I've raised this internally and we will look into fixing this issue in an upcoming release.
Kind regards, Rich
@ritatam ,
Your issue regarding: dorado duplex dna_r10.4.1_e8.2_260bps_sup@v4.1.0_5mCG_5hmCG@v2/ pod5/ > duplex.bam
Is due to the incorrect syntax - this command is trying to search for a simplex model with this name which doesn't exist.
I think you want:
# sup@v4.1.0 - simplex model selection
# 5mCG_5hmCG@v2 - modification model selection (separated by comma)

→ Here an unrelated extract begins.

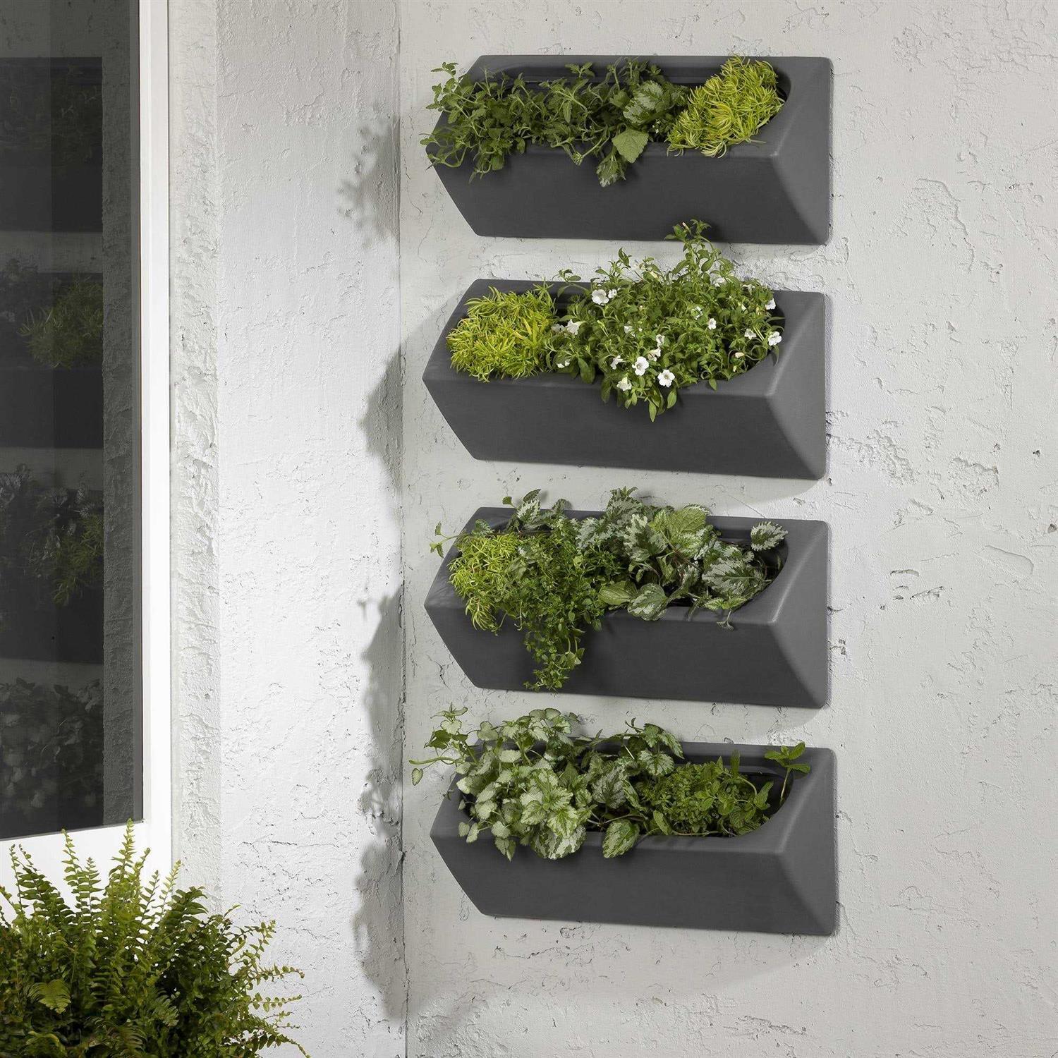 The Scandinavian style, featuring a clean, rectangular look and rounded corners that set it apart, is perfect for showing off your flowers. You can even grow fresh herbs if you prefer. With 4 planters that can hold up to 9 liters of soil apiece, you can create the layout of your choice and hang them on any wall you like your terrace, patio, or balcony to show off your creativity! A very useful drainage system Each planter has its own drainage system, which lets the water drain properly so your plants can flourish. This set gives you some versatile items! Very resistant flowerpots Weve done everything to make these planters as durable as possible. Theyre made of polyethylene resin a material that makes them resistant to UV rays, rust, and extreme weather. You can leave them outside year round, and their colors wont fade over time.

dorado duplex sup@v4.1.0,5mCG_5hmCG@v2 pod5/ > duplex.bam
More info about the syntax can be found in the readme.md#automatic-model-selection-complex
However if you're facing issues with automatic model selection for 260 bps models this approach may be better:
dorado download --model dna_r10.4.1_e8.2_260bps_sup@v4.1.0
# the 5mCG_5hmCG model should be downloaded automatically.
dorado basecaller dna_r10.4.1_e8.2_260bps_sup@v4.1.0 --modified-bases 5mCG_5hmCG pod5/ > duplex.bam
Kind regards, Rich
Hi Rich,
no problem for my part, I noticed it because quality was reduced. Just wanted to raise the issue in case it was widespread. Suppose you could solve it by adding a speed flag, or have dorado calculate it from a few reads.
Closing as this has been fixed in a previous release.
Hi @tijyojwad,
here is the problem I had with auto-selection of models for 260bps.
Running dorado duplex sup for a LSK114 260bps run gives this:
[2024-01-01 21:55:55.696] [info] - downloading dna_r10.4.1_e8.2_400bps_sup@v4.1.0 with httplib
Same with dorado basecaller sup
Running duplex with the correct model tells me there is no duplex stereo model for 4kHz 260 bps, is this correct?